おはよう
久しぶりに、心地良い夢を見ている。
彼女といっしょの布団で溶けるように眠り、いつの間にか抱き枕にしていた。その抱き心地がやわらかく、感触と香りが良い眠りを誘った。
彼女の背に顔をつけて眠ったふりをしているが、いつ手放そう。とても心地良くて放したくない。
いま何時だろう。もう陽は昇っているようだから、7時は過ぎている。この季節、この辺りの日の出は6時50分ころ。
ああ、また意識が遠退いてきた。朝の光を微かに浴びて、きょうは二度寝だ。
◇◇◇
んんんんんん(語彙力)!!
抱きつかれてる! 抱きつかれてる! 抱き枕にされてる!
前にもこういうことはあったけど、慣れないなあ。
外が明るくなる前から抱きつかれてるから、もう1時間くらい経ってる!
そわそわドキドキして落ち着かないけど、本牧さんには癒しが必要! 私なんぞで癒されるなら好きなだけ抱き枕にしてください!

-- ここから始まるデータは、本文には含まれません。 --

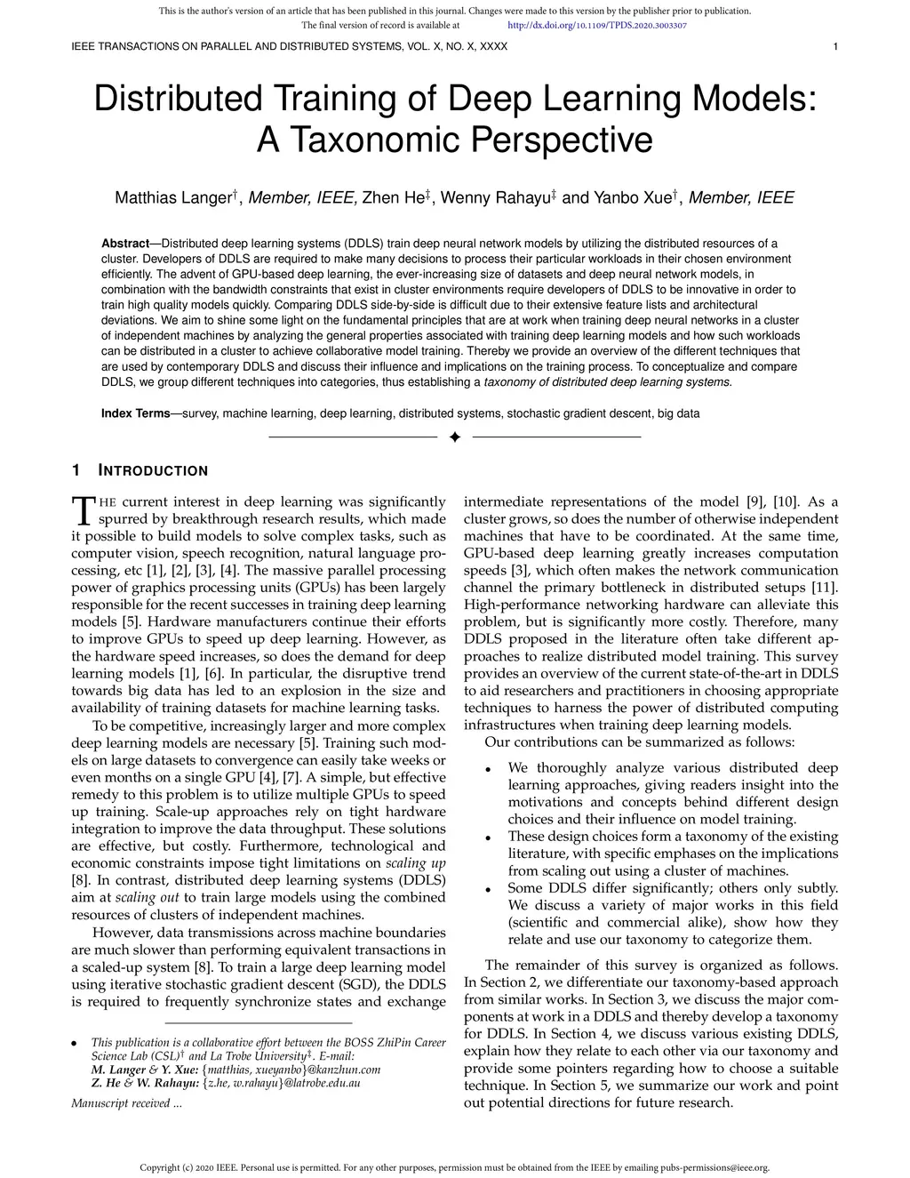 Distributed Training of Deep Learning Models: A Taxonomic Perspective

うーん、でも、あれだなあ、アレだよアレ(抱きつかれたままだけどだんだん余裕が出てきた)。付き合い始めたら甘い日々が始まると思っていたけれど、本牧さんは過労や気の遣い過ぎで神経が衰弱しているから、まずは心を癒してもらって、ほかにも病気とかがあるなら治して、健康になってもらわなくちゃ。

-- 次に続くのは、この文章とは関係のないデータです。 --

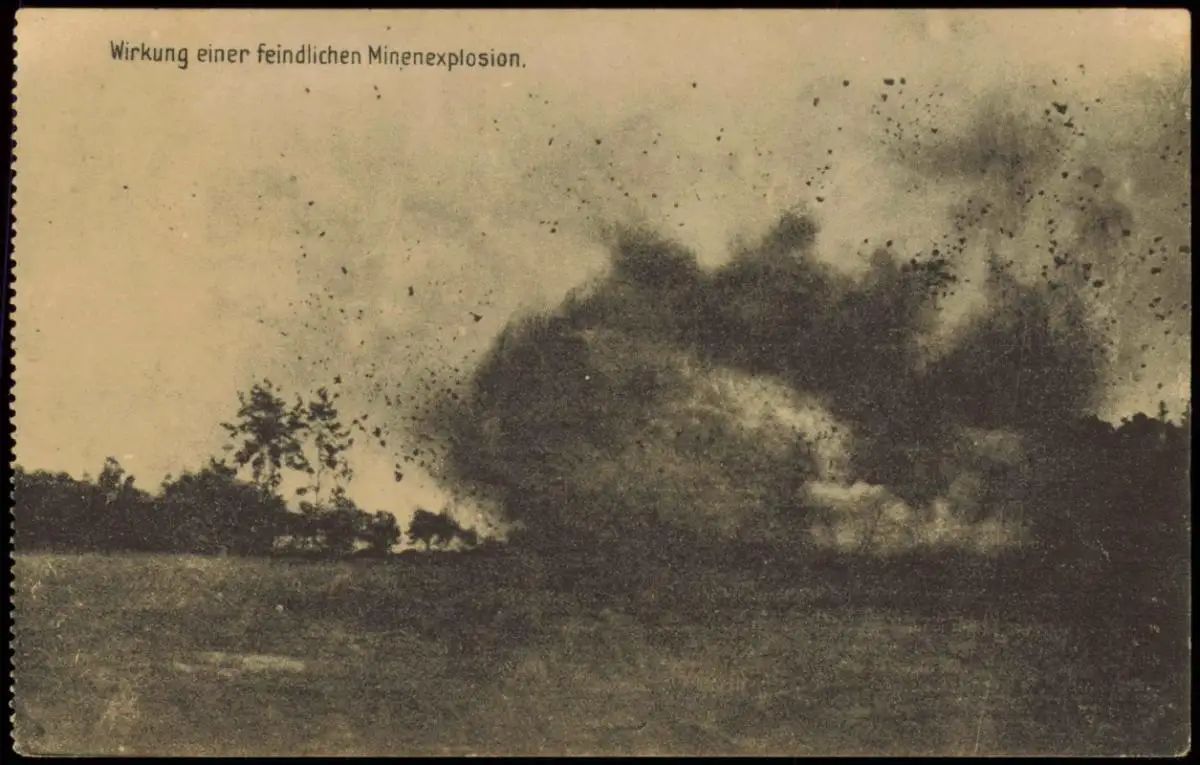 Wirkung einer feindlichen Minenexplosion. Militär/Propaganda 1.WK 1918

線路に落ちたときは私が命を救ってもらったし、こんどは私が助ける番。
きょうは私も本牧さんも休みだから、のんびりした一日を過ごしたいな。
おっと。
本牧さんの腕が私から離れた。彼は仰向けになって寝息を立てている。
うん、前よりは寝顔が穏やかだ。
自ずと彼に微笑んだ。
「ん、んんん……」
彼の瞼がぴくぴく動いて、眼をこすった。
「おはよう、本牧さん」
目を覚ました彼に、私はにっこり笑んだ。